SE: A lot depends on GPS, cell towers and location. You can move cars from one side of the highway to another or change time stamps on banking transactions. What can be done about this?

Logvinov: I’m optimistic about this area. We have learned how to build drive-by-wire or fly-by-wire systems. Many of the concerns we’re discussing here are related to autonomous systems connected to the Internet, and those are similar to the concerns at the beginning of the fly-by-wire era. If you rely solely on GPS, then it will be a very vulnerable system. That’s where we need to learn how to design systems. We’ve learned how to design them for stability. This is the same kind of level of stability, but from a functional point of view. It’s not just relying on GPS. It’s also relying on accelerometers so you detect a change in your course that is appropriate for that particular application, and certain safeguards need to be deployed. It’s being able to validate the data from the point of view of whether this data makes sense in that particular data context. That type of self-check is very complex, but it’s what we need to do. And by the way, that kind of fly-by-wire or drive-by-wire self-check is already implemented. We do have a base of security on which to draw upon.

Loh: I agree with that. Individual devices can get hacked, but all systems have some way of self-checking and redundancy. More than 15 years ago, when we were first designing base stations, we had full redundancy. There were two systems doing exactly the same thing. Any time there was a fault there was instant switching. Today, there are fail-safe mechanisms. Cars are very complicated. It’s possible that people have missed something, but this kind of redundancy is designed in so that you don’t rely on a single point of failure. That can cause catastrophic problems. We have come a long way. With more devices it gets harder, but this isn’t new. People have been working on it for a long time.

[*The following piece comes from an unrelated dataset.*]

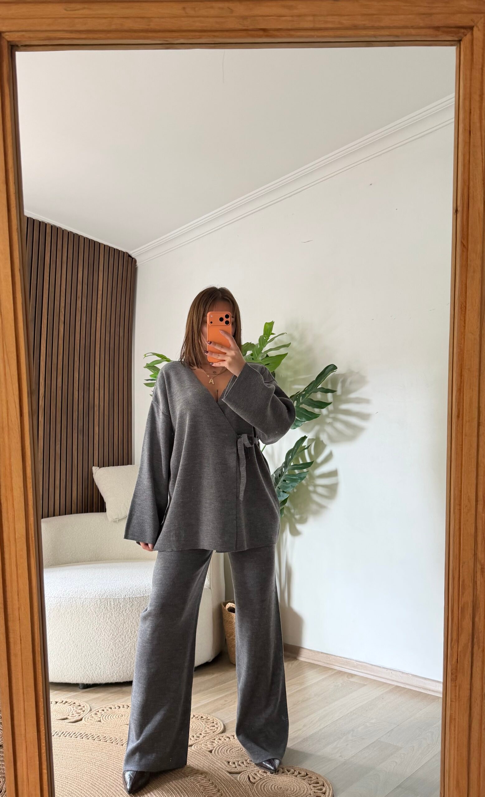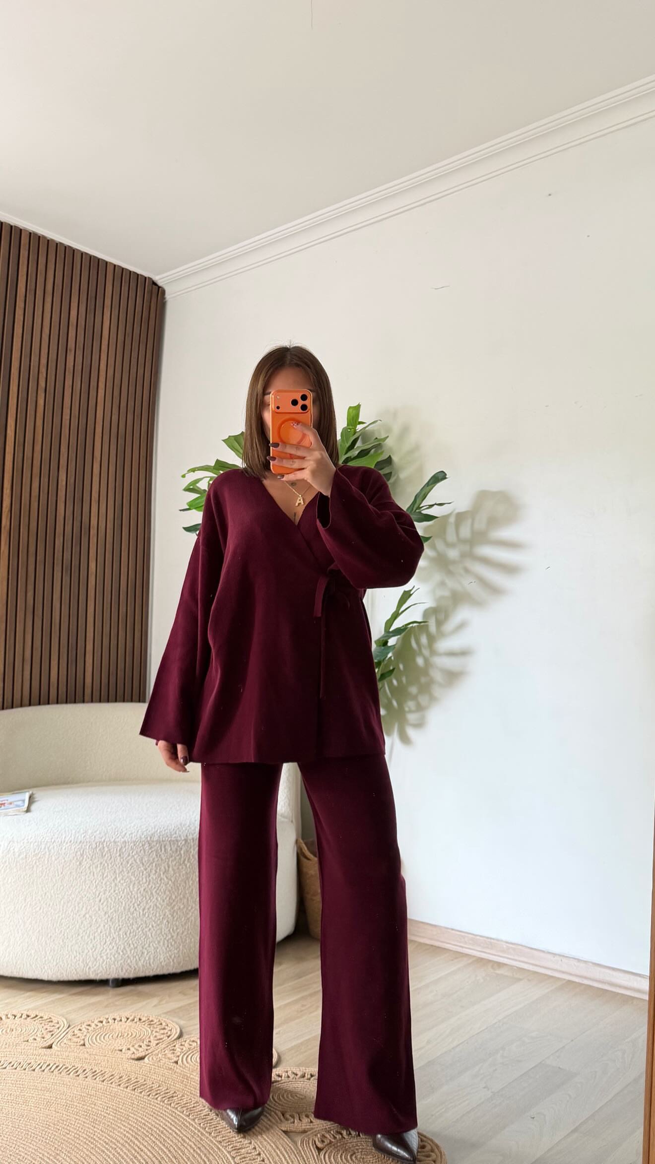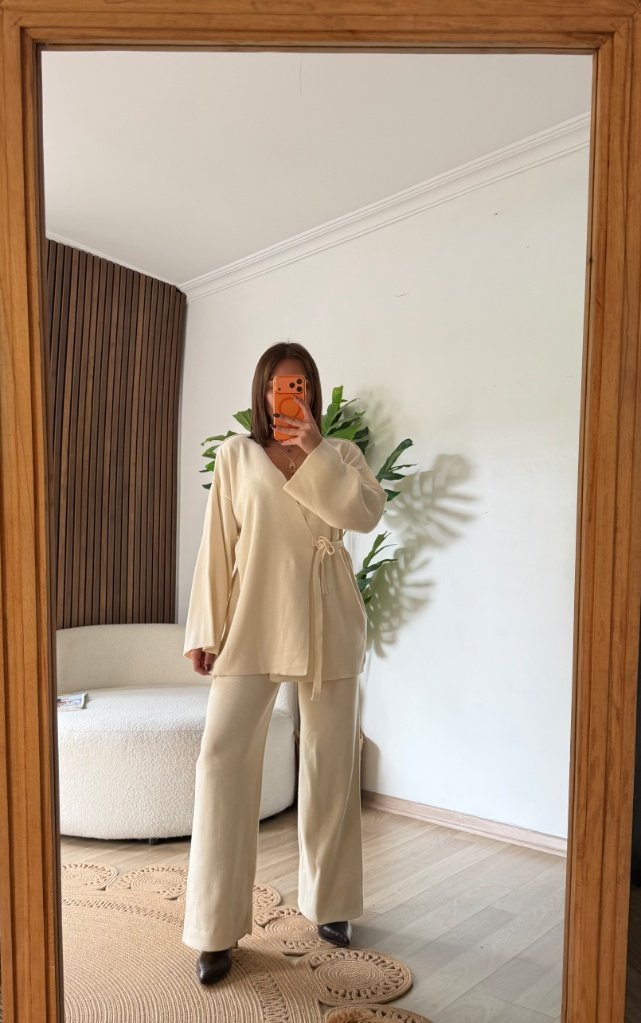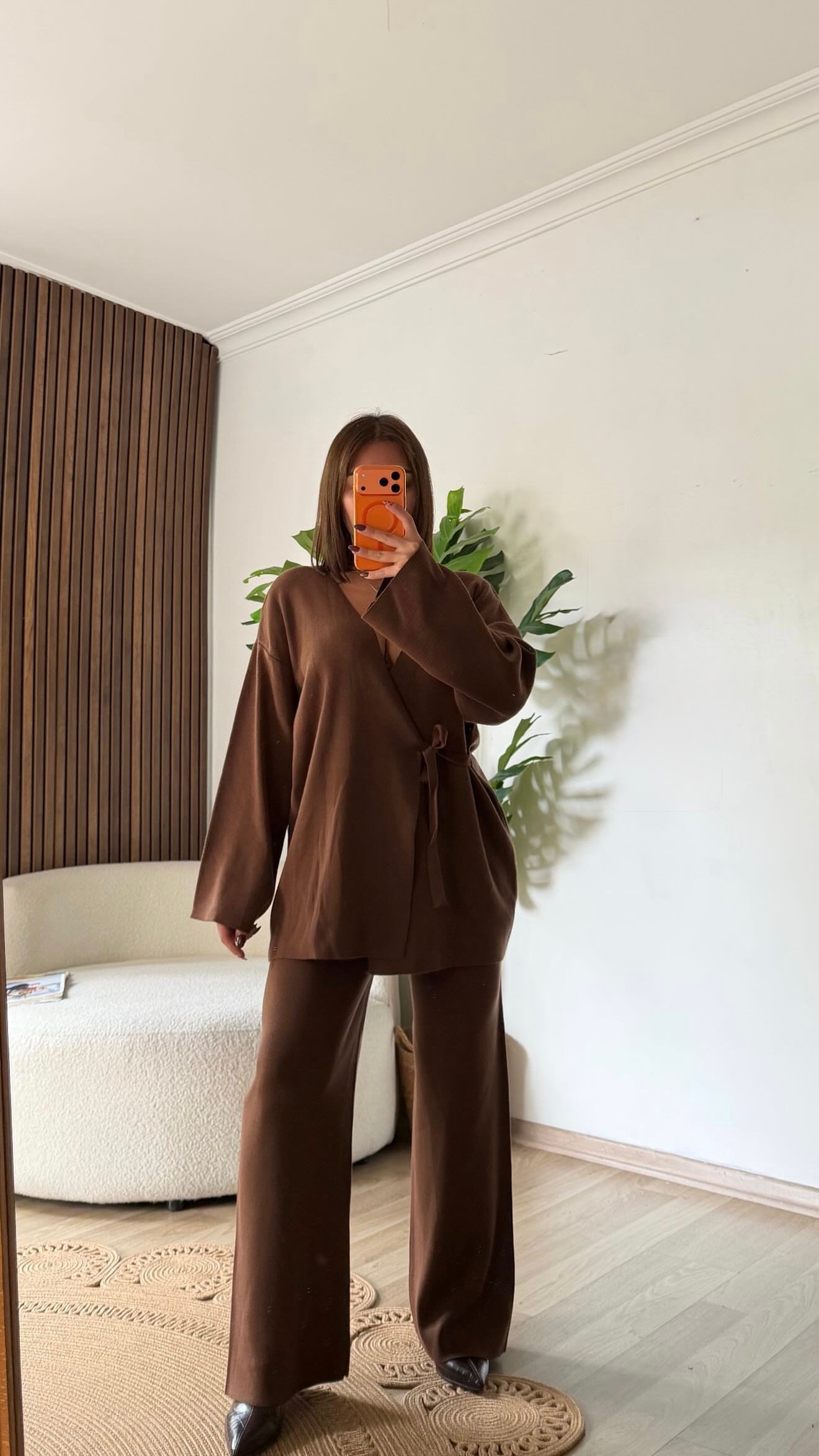 Kruvaze yaka (Anvelop) üstün bağlamalı detayı, modern bir görünüm sunarken; bol paça pantolonu gün boyu rahat giyim sağlar. Krem, Bordo ve Kahverengi renk seçenekleriyle sunulan bu takım, hem günlük şıklık hem de evde zarafet arayanlar için idealdir.

Nassar: As we move from cyberspace with IoT into the physical space, we also have to think about the physical security moving into cyber security. With physical security we have armies, alarms, doors, locks. Similarly, when we go into cyberspace, we need to think about all the things that can go wrong and invest in those technologies. There are some cyber services today that are extremely valuable for communities, such as financial systems and passport systems, which built all these defenses. We can use them for newly created markets and be able to protect ourselves as we do in the physical world.